3.6. Impact of Flow Fields on Overpotential Distribution

Figure 17 shows contour plots for the distributions of overpotential on the electrode-current collector interface at 80% SOC for an applied current density of 60 mA.cm−2. The current density distribution mentioned earlier corresponds closely to the overpotential distribution, which quantifies the losses occurring in the electrode due to activation, ohmic, and concentration polarisation. To analyse the influence of structure on the resulting variation in overpotential, a specific compression condition is considered while keeping the physical and chemical property parameters of every flow field constant.
Among the different compression conditions and flow fields, the uncompressed electrode in the serpentine flow field demonstrates the lowest overpotential in the regions near the current collector. This outcome is primarily attributed to the higher uniformity in concentration distribution and enhanced convective mass transport to the membrane. The accompanying Figure 16 illustrates this phenomenon. To mitigate or minimise the impact of side reactions, such as oxygen and hydrogen evolution, it is crucial to comprehend the location and extent of such polarisation effects [26].
In Figure 18, the variations in positive and negative overpotential under non-homogeneous conditions are depicted. The overpotential exhibits its minimum value around a state of charge (SOC) of 0.5, while it reaches its maximum at either the lowest or highest SOC for all flow fields in the case of the negative electrode. This behaviour can be attributed to the influential role of ion concentrations on the local electrochemical reaction rate.

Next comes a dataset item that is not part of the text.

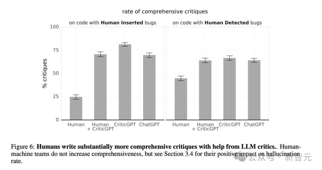 从图6中可以看到,CriticGPT的检测错误能力比较全面,对于人为篡改的错误以及原始输出中就存在的错误,都达到了最高的全面性百分比。

3.7. Impact of Flow Fields and Compression on Current Density Distribution

Figure 19 illustrates the contours of transfer current density distribution for three distinct instances of electrode compression applied to the negative electrodes on the contact surface between the bipolar plate and electrode. The results indicate that the flow channel within the bipolar plate significantly influences the distribution of current density. In regions where the electrode comes into direct contact with the current collector, such as around the rib positions, the current density is higher compared to the area beneath the channel in all flow fields. This enhanced electron conduction in the contact areas yields a greater response.
The non-homogeneously compressed electrode exhibits lower porosity around the ribs and higher porosity intruding and beneath the channel area. Consequently, the areas mentioned later experience less resistance and higher mass transfer for the reactant. These findings demonstrate an overall higher reactant consumption rate, resulting in a higher current density for the non-homogeneous case.
However, in a homogeneously compressed electrode, local concentration depletion in the electrode is the cause of large current gradients while the velocity distribution through the channel is uniform. The total current generated is constrained by the diffusion mass transport resistance between the liquid electrolyte and the electrode surface due to low porosity [19]. Reactant concentrations and overpotential are dependent on the current density, with the lowest reactant concentration exhibiting the most abrupt drop. Additionally, achieving an equal distribution of current density in a battery helps to reduce overpotential.
Based on the data depicted in Figure 20, a clear trend emerges indicating that the potential difference across three flow battery scenarios, each subjected to varying degrees of compression, rises correspondingly with an elevated current density. Specifically, the scenario employing an uncompressed electrode exhibits the highest discharge potential. This outcome can be attributed to the reduced resistance and uniform dispersion of current across the electrode surface.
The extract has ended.